29 November 2015

Insider threats: Taking the fight to the document level

Steve Gottwals, Technical Director of Security Solutions, Adobe November 25, 2015 

The threat to Department of Defense documents is persistent, eminent and evolving. According to the Identity Theft Resource Center’s Data Breach Report, there have been 51 breaches this year in the government — including the military — that exposed more than 33 million documents to security vulnerabilities. This drastic uptick from last year is evidence that data breaches are growing in effectiveness. Although the response to this increased risk has been to boost high-level encryption, this is not the comprehensive silver bullet solution that some may believe it to be. High-level encryption alone still leaves multiple avenues of attack open to cyber criminals, and the most dangerous among them is the insider threat.

Agencies need to be more proactive in securing and monitoring their sensitive documents. The best way to do this is to adopt a defense-in-depth approach, applying encryption and other security solutions all the way down to the document level. With document management technology and monitoring analytics, agencies can more effectively protect their content through its entire lifecycle. User-based encryption, specifically Digital Rights Management (DRM), is a perfect example of a solution that extends cyber protections to the document level. Because DRM-based encryption is focused on the specific user and grants access only to the person that needs it, DRM continually protects sensitive information no matter where it goes or how it is stored. By encrypting the entire file, any user that seeks to obtain access must first go through an authentication process, even if trying to access the document outside of an agency system. Even failed authentication attempts at viewing the information will be detected. In an absolutely worst-case scenario, the document can be revoked entirely, which effectively acts like a remote shredder.

Building on extending protections within the document repository, organizations can further minimize insider threats by controlling access to sensitive information with an attribute-based access control (ABAC) model. ABAC is a powerful concept that relies on restricting access to specific information, providing an extra level of protective controls. This approach allows agencies to control their information security and authentication with surgical precision, barring unauthenticated users from viewing specific elements — paragraphs, images, videos, titles and bullet points — of a document. Since each object is distinctly tagged with a security marking, users or groups of users will be limited to viewing only those items or portions of documents they are authorized to see, depending on their individual security attributes, such as clearance level, environmental variables or physical location.

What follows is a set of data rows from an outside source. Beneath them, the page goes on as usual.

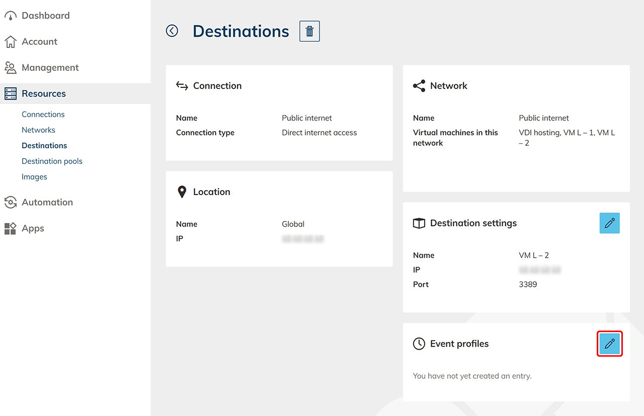 - In der Detailansicht klicken Sie auf der Kachel „Eventprofile“ auf das Stift-Symbol.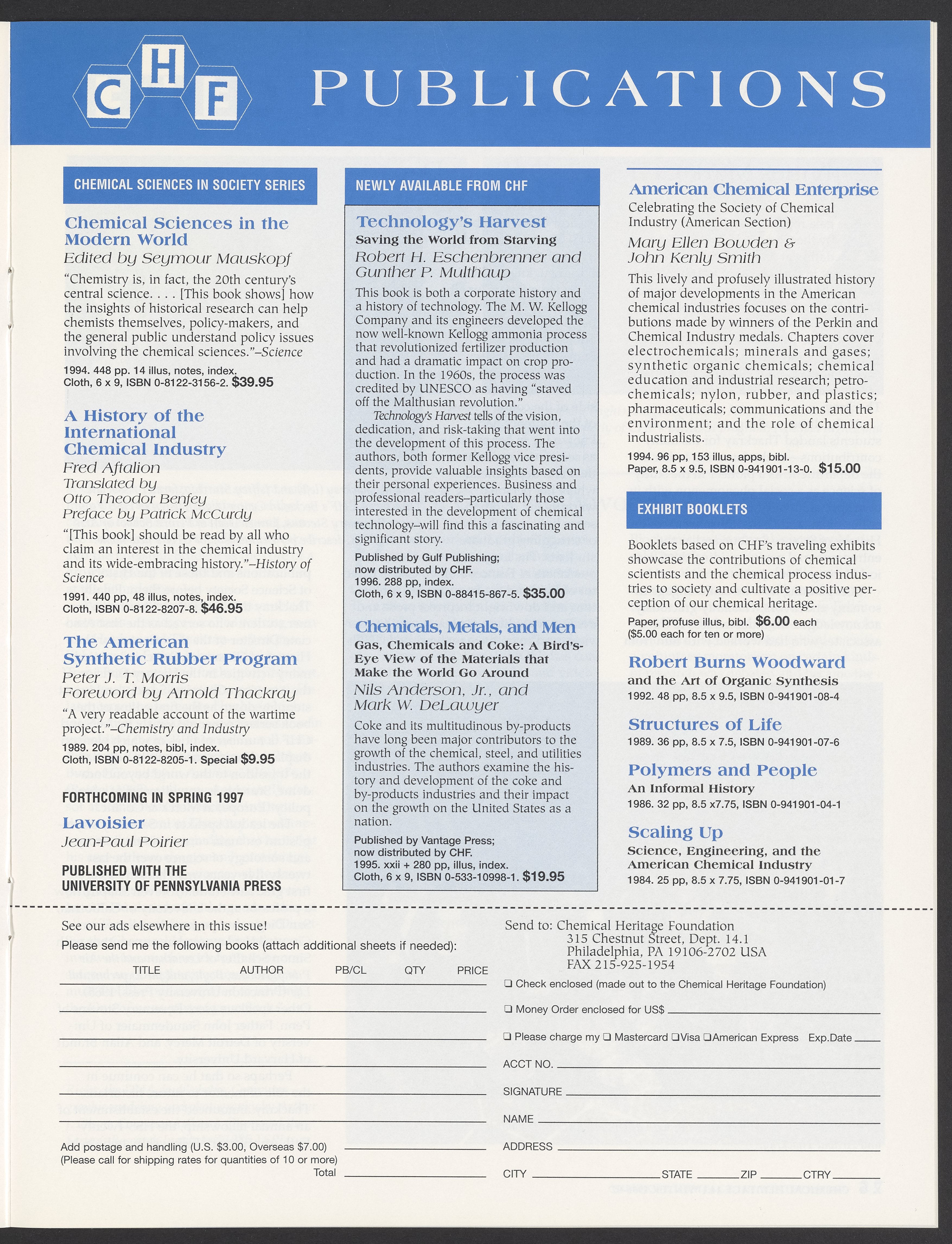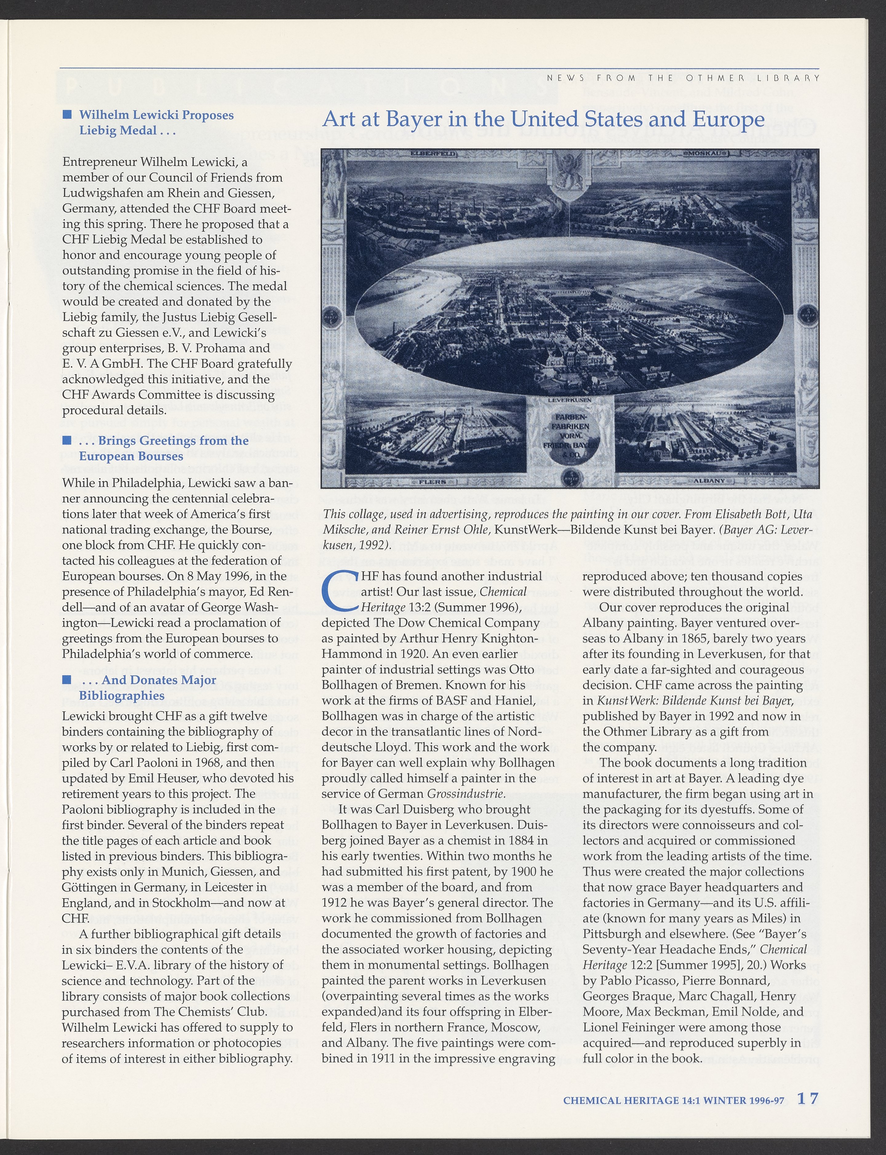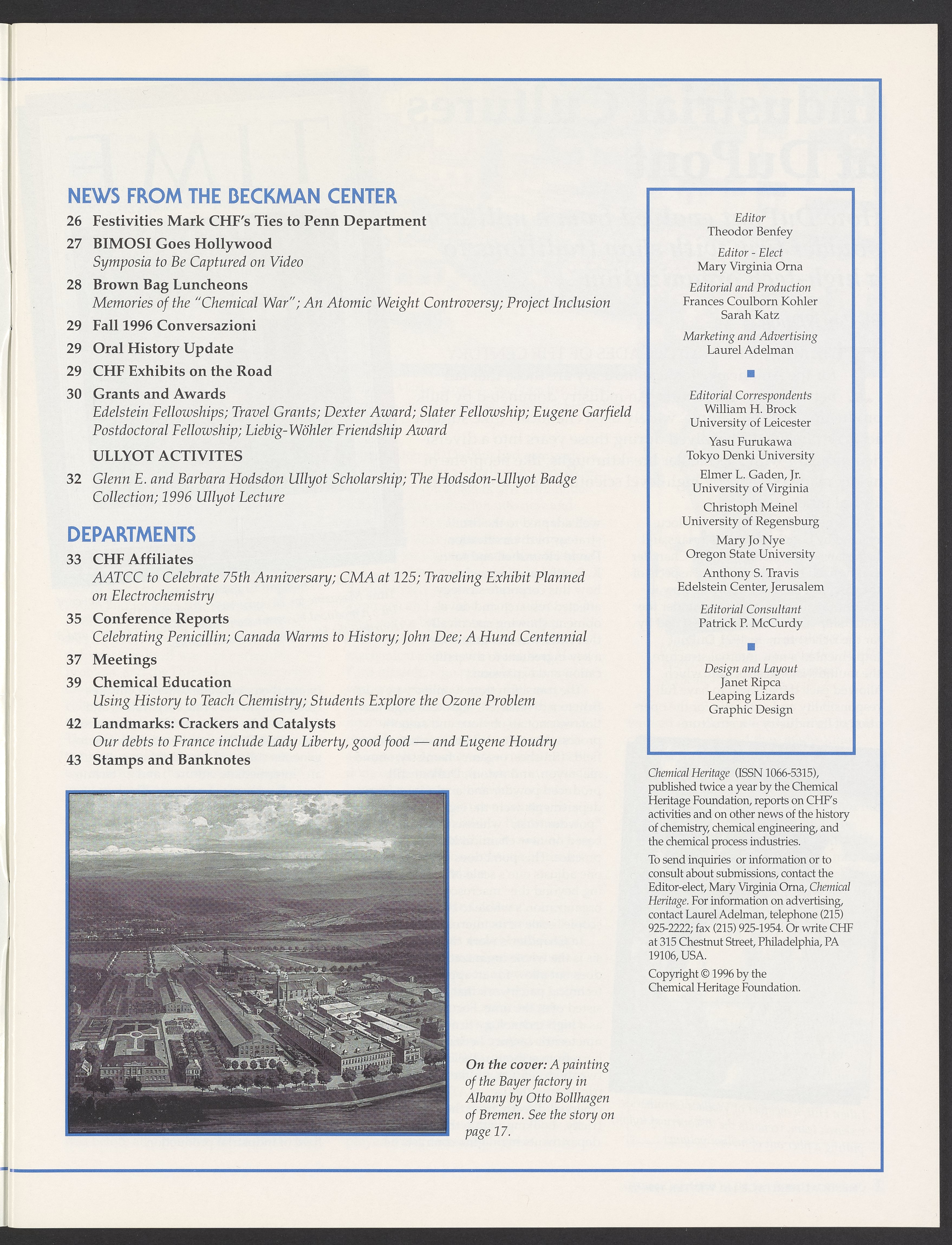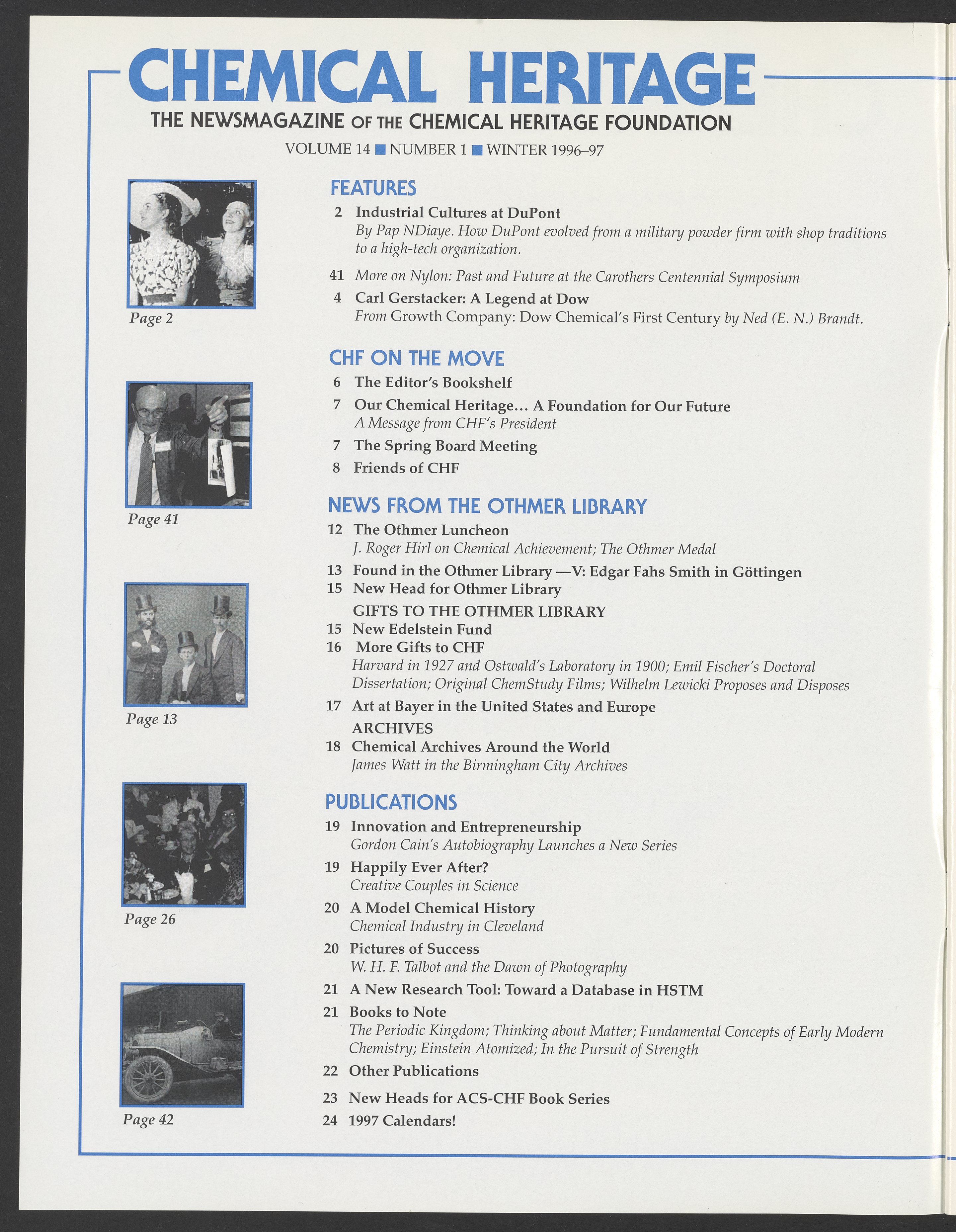 “Chemical Heritage, Volume 14 Number 1.” Philadelphia, Pennsylvania: Chemical Heritage Foundation, 1996. 099C001. Science History Institute. Philadelphia. https://digital.sciencehistory.org/works/5rbmsw4.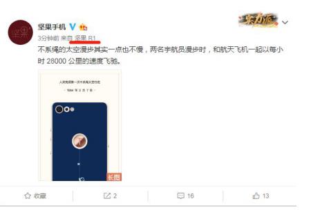 4月25日坚果手机官博发布一条关于《人类完成第一次不系绳太空行走》的微博,微博的小尾巴正式曝光了新品旗舰机的命名——坚果R1。据目前已曝光的坚果R1各项性能,坚果R1或是上半年最值得入手的旗舰机。
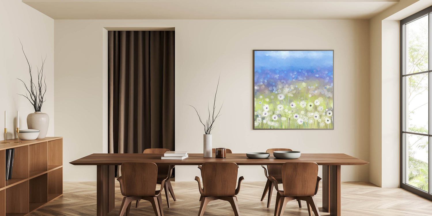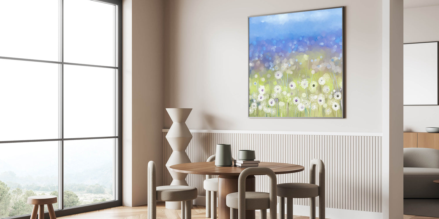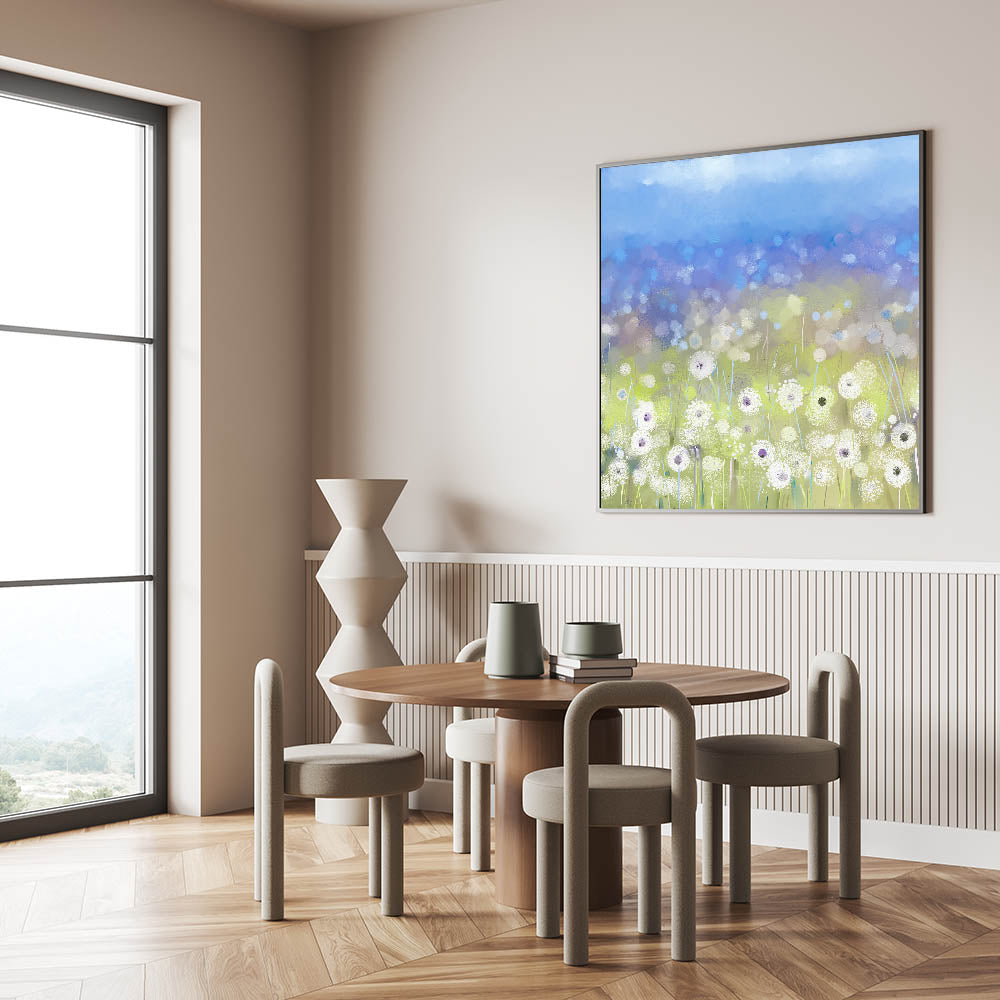 Enhance your dining space with this elegant dining room wall art, featuring a serene field of dandelions against a soft blue sky. This contemporary piece blends soft white florals with subtle hints of gray and blue, creating a tranquil yet stylish atmosphere in your dining area. Whether you're looking for canvas art for the dining area or framed dining room prints, this design is available in multiple high-quality formats.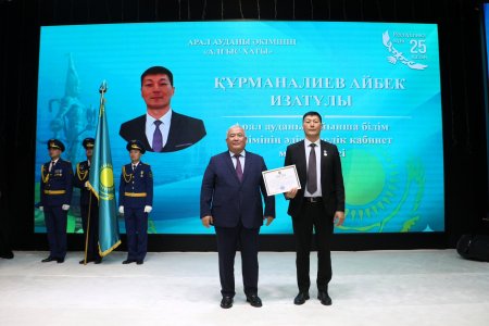 Сондай-ақ ауданның дамуына, білім саласының жақсы нәитже көрсетіп, жетістіктерге жетуіне атсалысқан сала ардагері, Арал ауданының құрметті азаматы Амангелді Бөлекбаевқа Қазақстан Республикасы Оқу-ағарту министрлігінің «Еңбек ардагері» төсбелгісі табысталды.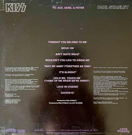 Серед ключових треків – «Tonight You Belong to Me», романтичний і мелодійний хіт, що став синглом альбому, «Hold Me, Touch Me (Think of Me When We’re Apart)», який підкреслює ліричну сторону Стенлі, та «Move On», сповнений рок-н-рольного драйву. Ці композиції передають фірмову харизму Kiss, але з більш особистим і чуттєвим підходом. Альбом досяг 40-го місця в Billboard 200, завоювавши серця фанатів.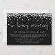 Floral memorial service invitation with "in loving memory" in a hand written script beneath a border of flowers where flowers and greenery in white and grey are drifting down against a black background. Add the invitation wording, name of your loved one, and details of the funeral in elegant white fonts against a black background.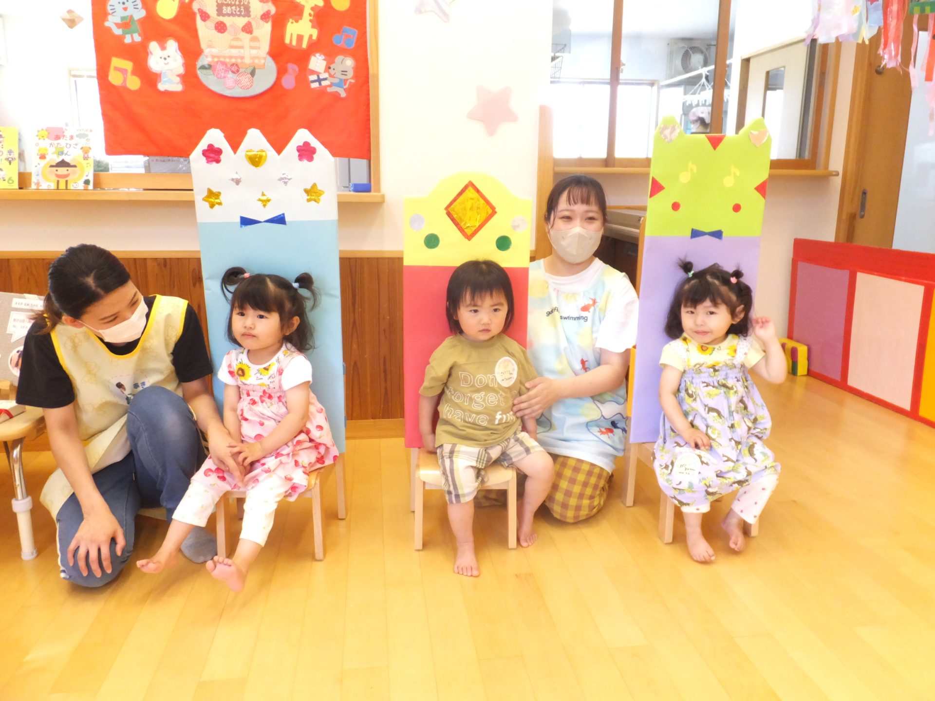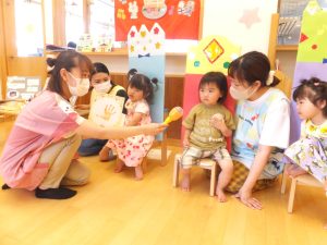 7/6(木)誕生日をむかえた3名の子ども達をお祝いする誕生会がありました…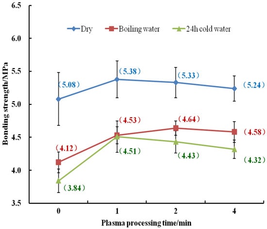 As shown in Figure 4, the dry bonding strength, boiling-water bonding strength, and cold-water bonding strength of PM glued wood without plasma treatment were 5.18, 4.22, and 3.84 MPa, respectively, while those of PM glued wood after plasma treatment were evidently improved, but the strength values changed little between plasma treatment times of 1, 2, and 4 min.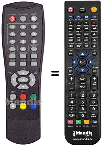 Télécommande qui remplace celle d'origine car elle possède les mêmes fonctions.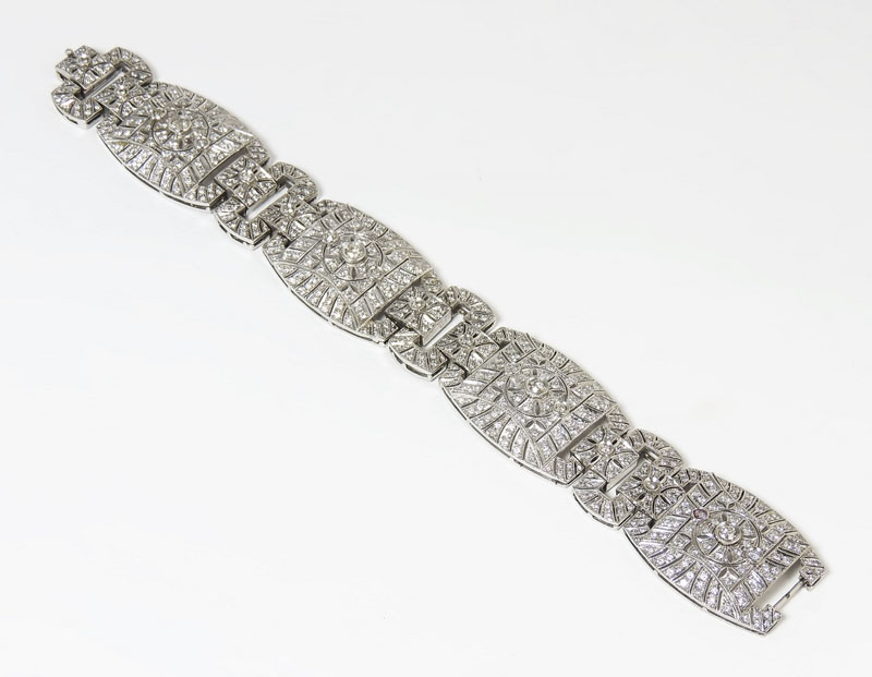 BRACCIALE A PIASTRE IN ORO BIANCO E DIAMANTI realizzato in in stile Decò con diamanti taglio brillante rotondo ct 8,50 circa complessivi, gr 58,4 WHITE GOLD AND DIAMONDS BRACELET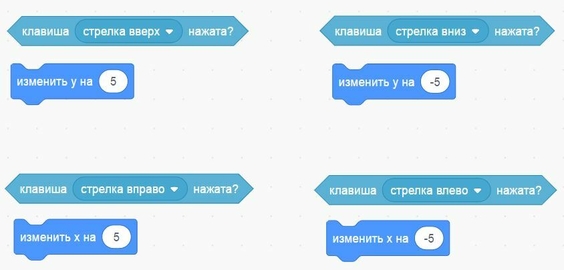 Подумай, как запрограммировать движение вверх. Какую координату будем изменять?
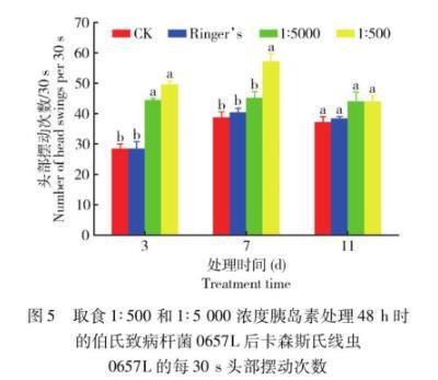 圖5取食1∶500和1∶5 000濃度胰島素處理48 h時(shí)的伯氏致病桿菌0657L后卡森斯氏線蟲(chóng)0657L的每30 s頭部擺動(dòng)次數(shù)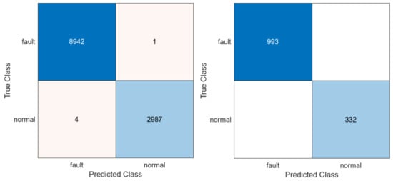 In the current research, data were collected from the currents in phases A, B, and C. These data were divided into a time domain window of 128 samples (Figure 8). Six time domain features were extracted for each current in the window: the standard deviation, variance, median, minimum, maximum, and peak-to-peak. Three frequency-domain features were also extracted: the maximum magnitude frequency component index, minimum magnitude frequency component index, and peak-to-peak frequency magnitude. In total, 27 features were used to train the classification to detect the “normal” or “fault” class. A single-switch fault was considered for each switch in the 6S3P topology. At the current stage of research, 11934 observations were used in the training process and 1325 observations were used in the test. The observation time window had 12 samples overlapping with the previous time window. Training was performed in MathWorks Matlab R2022b using the Statistics and Machine Learning Toolbox version 12.4. More than 16 classifiers with different structures (i.e., linear discriminant; SVM—support vector machine; KNN—k-nearest neighbours; narrow neural network; decision tree; bagged tree) were trained, with a test accuracy of greater than 99% for the selected features (Figure 9).

In guarding against insider threats, the last factor that agencies must account for is the human factor. By utilizing behavioral analytics, agencies will gain the ability to examine the profiles of users who access protected information, including what content they are accessing, how often they are requesting access to said content, and actions they are taking with that content after obtaining access. This provides a baseline behavioral model, which can then be used to detect anomalies in usage patterns that may be indicative of a potential insider threat. This is a superb tool for preventing data compromise in the first place, but in the event that an agency’s information is compromised, behavioral analytics will also aid in determining if certain sensitive documents may have been exposed due to security gaps.

As cybersecurity continues to be one of the predominant focuses for improvement in the DoD, agencies must always be looking for solutions to bolster their current security posture. Today, the most impactful opportunities to do this are centered on implementing stronger measures to manage documents and data rights. As targeted threats increase in scope and severity, these protective safeguards are an imperative for insider threat prevention and should not be missing from any agency’s arsenal.